Later, when sanctions prohibited local use of racially,
ethnically, and scatalogically offensive toponyms, town
names like Jap Valley, California, were erased from the
national and cultural map forever. From Squaw Tit to
Whorehouse Meadow probes this little-known chapter in
American cartographic history by considering the
intersecting efforts to computerize mapmaking, standardize
geographic names, and respond to public concern over
ethnically offensive appellations. Interweaving cartographic
history with tales of politics and power, celebrated
geographer Mark Monmonier locates his story within the past
and present struggles of mapmakers to create an orderly
process for naming that avoids confusion, preserves history,
and serves different political aims.
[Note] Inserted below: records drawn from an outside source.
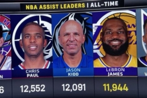 若要在本賽季超越基德,詹姆斯需打滿剩余8場且場均17.4次助攻
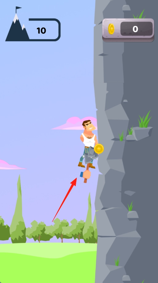 2、攀巖操作在巖壁場景,點(diǎn)擊屏幕讓角色揮斧抓巖點(diǎn),向上攀爬,收集金幣,界面顯示“10→11”關(guān)卡進(jìn)度,注意躲避障礙。
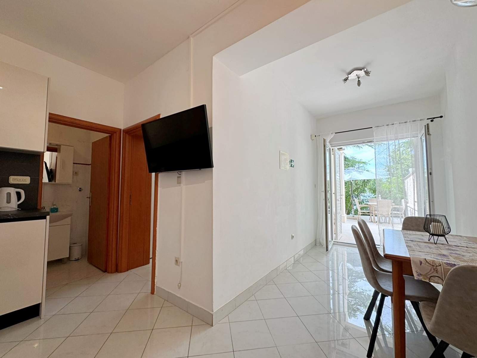 Dieses Apartment liegt nur 20 m vom Meer und einem Sandstrand entfernt und bietet den perfekten Rückzugsort am Meer. Es verfügt über ein Schlafzimmer mit Doppelbett und Klimaanlage, ein Wohnzimmer mit ausziehbarem Sofa für zwei Personen, einen Esstisch und WLAN. Die Küche ist mit einem Herd, einem Kühlschrank mit Gefrierfach, einer Mikrowelle, einer Spülmaschine, einer Kaffeemaschine und einem Wasserkocher ausgestattet. Eine 20 m2 große Terrasse, die sowohl vom Wohnzimmer als auch vom Schlafzimmer aus zugänglich ist, bietet einen atemberaubenden Blick auf das Meer und den Garten und wird mit einem anderen Apartment geteilt. Das Badezimmer verfügt über eine Dusche, eine Toilette und einen Haartrockner. Den Gästen stehen eine Außendusche, ein gemeinsamer Grillbereich und ein privater Parkplatz hinter dem Haus zur Verfügung.
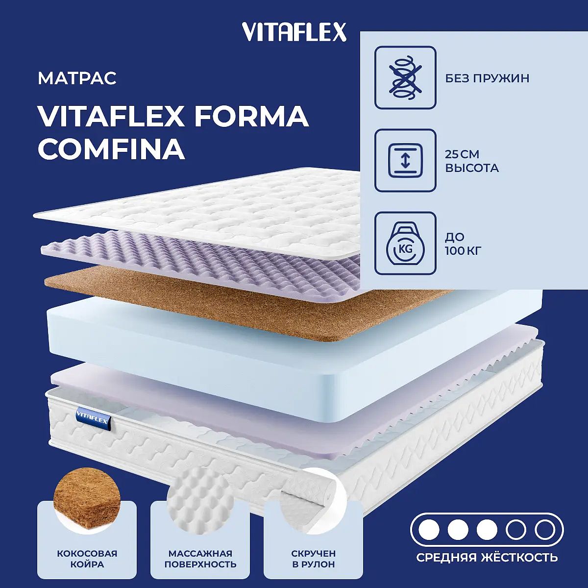 Матрас Vitaflex Forma Comfina — это современный беспружинный матрас средней жесткости, созданный для комфортного сна и ежедневного отдыха. В основе конструкции — сочетание нескольких слоев современных материалов, каждый из которых обеспечивает стабильную поддержку и приятные ощущения. Две стороны матраса отличаются наполнением: с одной стороны используется комбинация RelaxFoam, латексированного кокоса и экопены, с другой — RelaxFoam и экопена. Это позволяет подобрать наиболее удобную сторону для сна, учитывая индивидуальные предпочтения. Чехол выполнен из прочного жаккарда с мягкой стежкой на синтепоне, что придаёт дополнительный комфорт и аккуратный внешний вид. Высокоэластичная экопена равномерно распределяет нагрузку по всему матрасу, а слой кокосовой койры добавляет упругости и воздухопроницаемости. Матрас рассчитан на вес до 100 кг на спальное место и подойдет для большинства стандартных кроватей. Свойства и характеристики
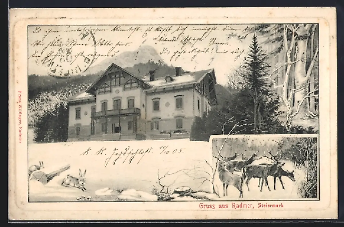 AK Radmer, Gebäudeansicht im Winter, Hirsche und Hasen
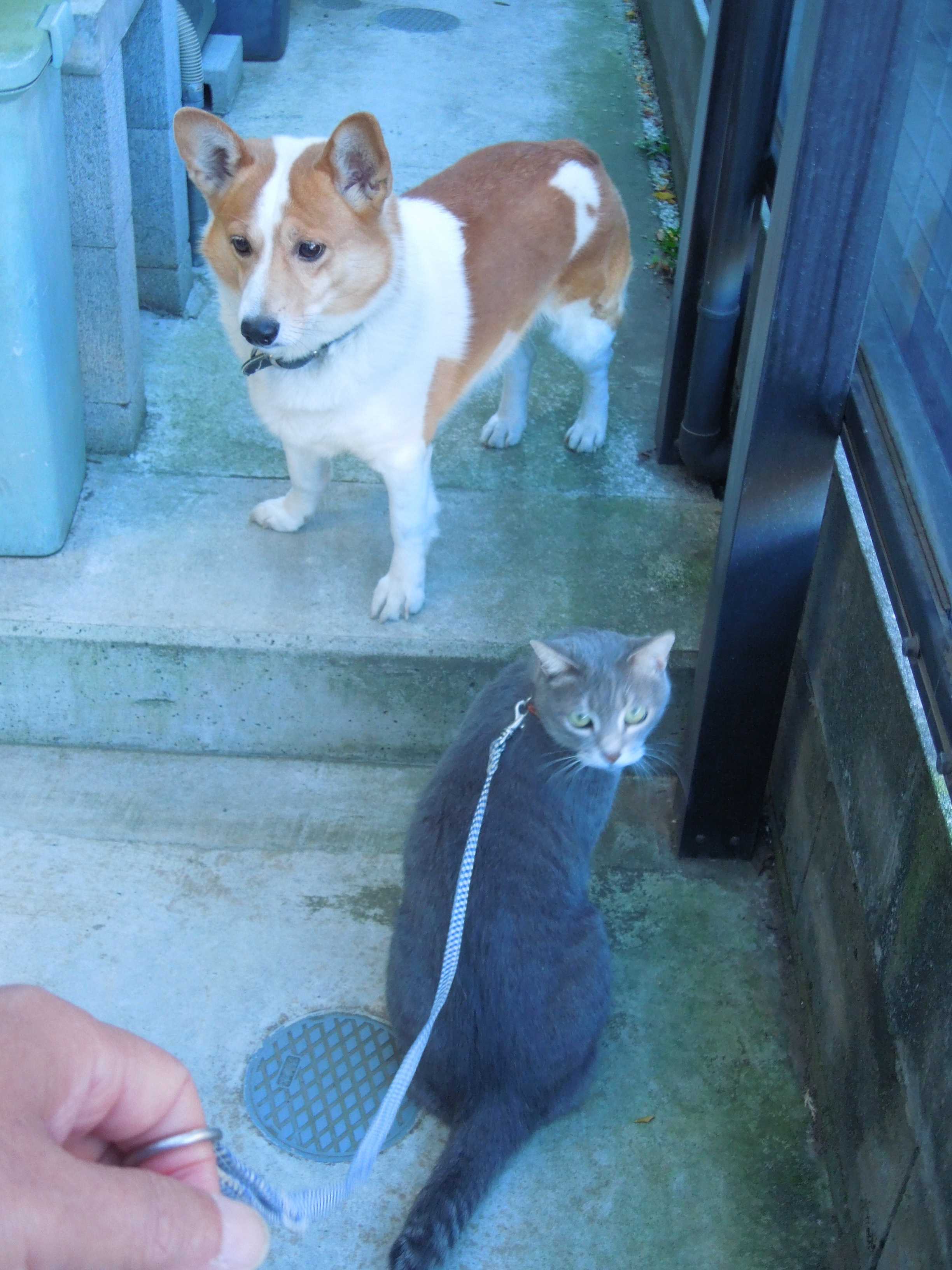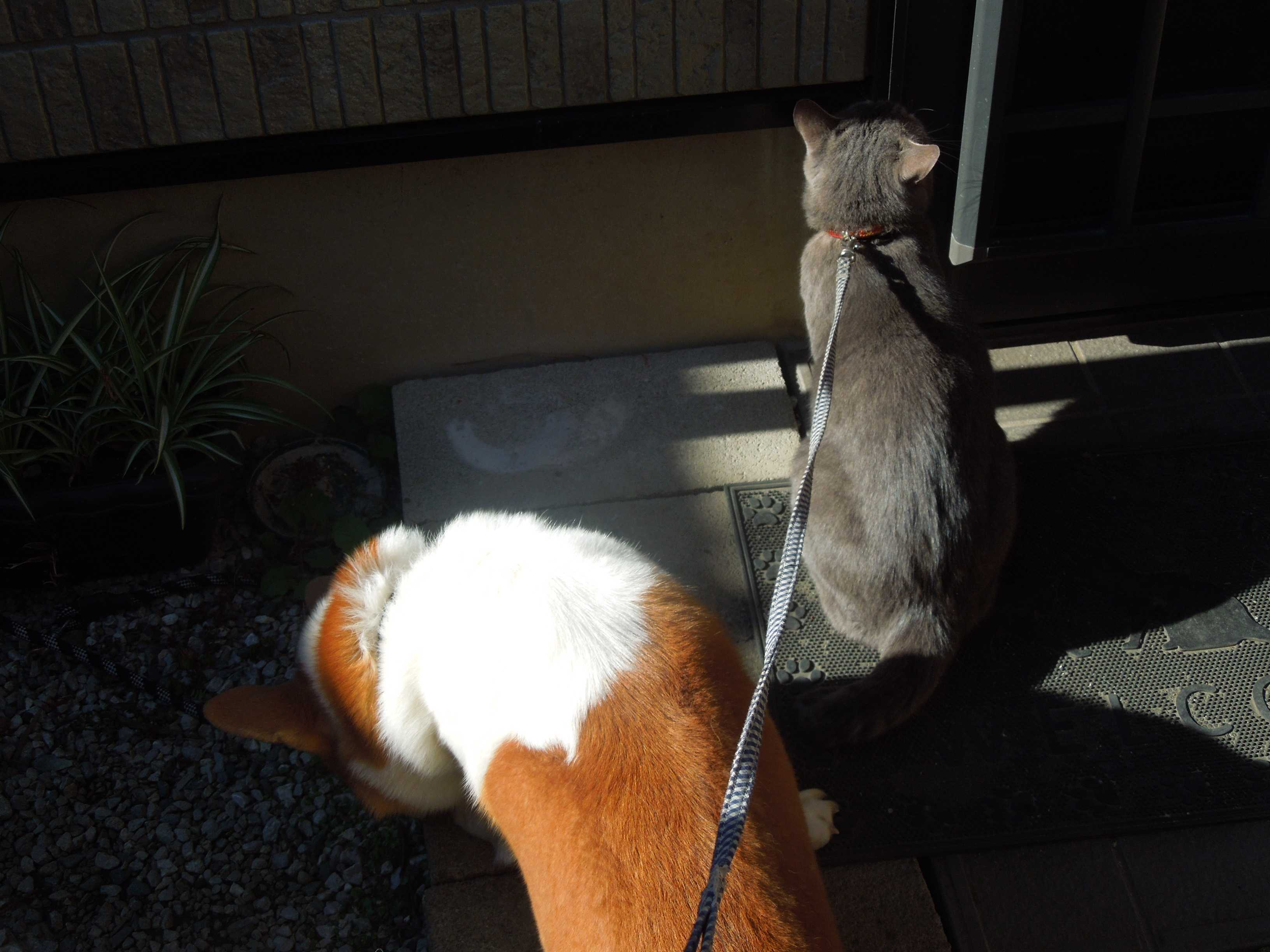 小平太君はリードを付けて家の周りを見回り、小太郎君は走り回っている。
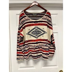 Natural Reflections Southwestern Boho Blanket Print Scoop Neck Sweater sz 2X EUC
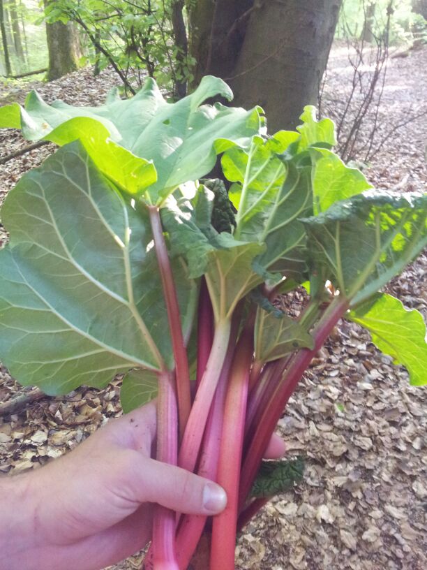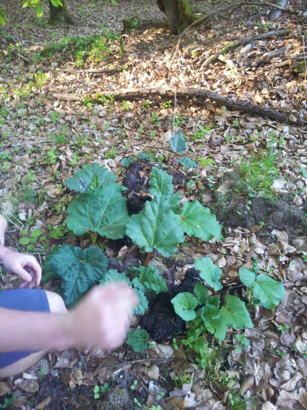 Aber was zu Essen gabs trotzdem und zwar frischen Rhabarber. Da hat wohl irgendwann mal jemand seinen Kompost im Wald gelassen, auf dem er jetzt wächst.
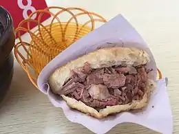 The donkey burger (Chinese: 驴肉火烧; pinyin: lǘròu huǒshāo) is a kind of sandwich commonly eaten in Baoding and Hejian, Hebei Province, China,[1][2] where it is considered a local specialty, though it may also be found in other parts of China, particularly in northeastern China.[1][3] Chopped or shredded donkey meat or offal is placed within a huǒshāo or shao bing, a roasted, semi-flaky bread pocket,[1] and eaten as a snack or as part of a meal. Hejian style typically serves the meat cold in a warm huoshao while Baoding style serves the meat hot, they both often include green chili-pepper[1] and cilantro leaves. Donkey burger is a popular street food[3] and can also be found on the menus of high-end restaurants.
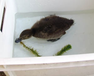 Toen bleek dat het diertje ondanks de afwezigheid van een eendenmoeder toch lange tijd waterafstotend bleek te zijn werd een oud afwasteiltje tot eendenvijvertje omgedoopt.
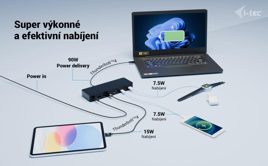 i-tec Thunderbolt 4 Intelligent Dual Display Docking Station, Power Delivery 90W
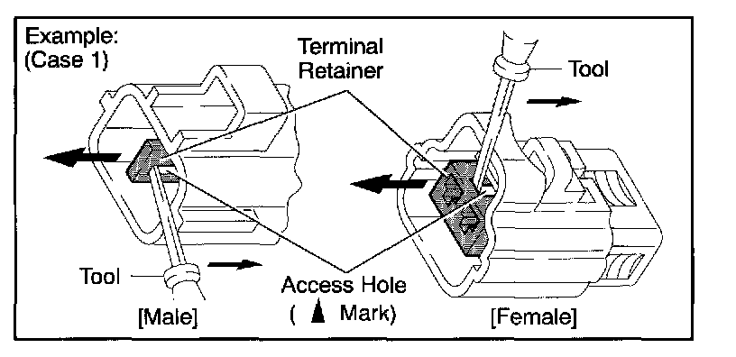 Type which cannot be pulled as far as Power Lock insert the tool straight into the access hole of terminal retainer as shown.

Anchored by a diverse
selection of naming controversies—in the United States,
Canada, Cyprus, Israel, Palestine, and Antarctica; on the
ocean floor and the surface of the moon; and in other parts
of our solar system—From Squaw Tit to Whorehouse Meadow
richly reveals the map’s role as a mediated portrait of the
cultural landscape. And unlike other books that consider
place names, this is the first to reflect on both the real
cartographic and political imbroglios they engender. From
Squaw Tit to Whorehouse Meadow is Mark Monmonier at his
finest: a learned analysis of a timely and controversial
subject rendered accessible—and even entertaining—to the
general reader.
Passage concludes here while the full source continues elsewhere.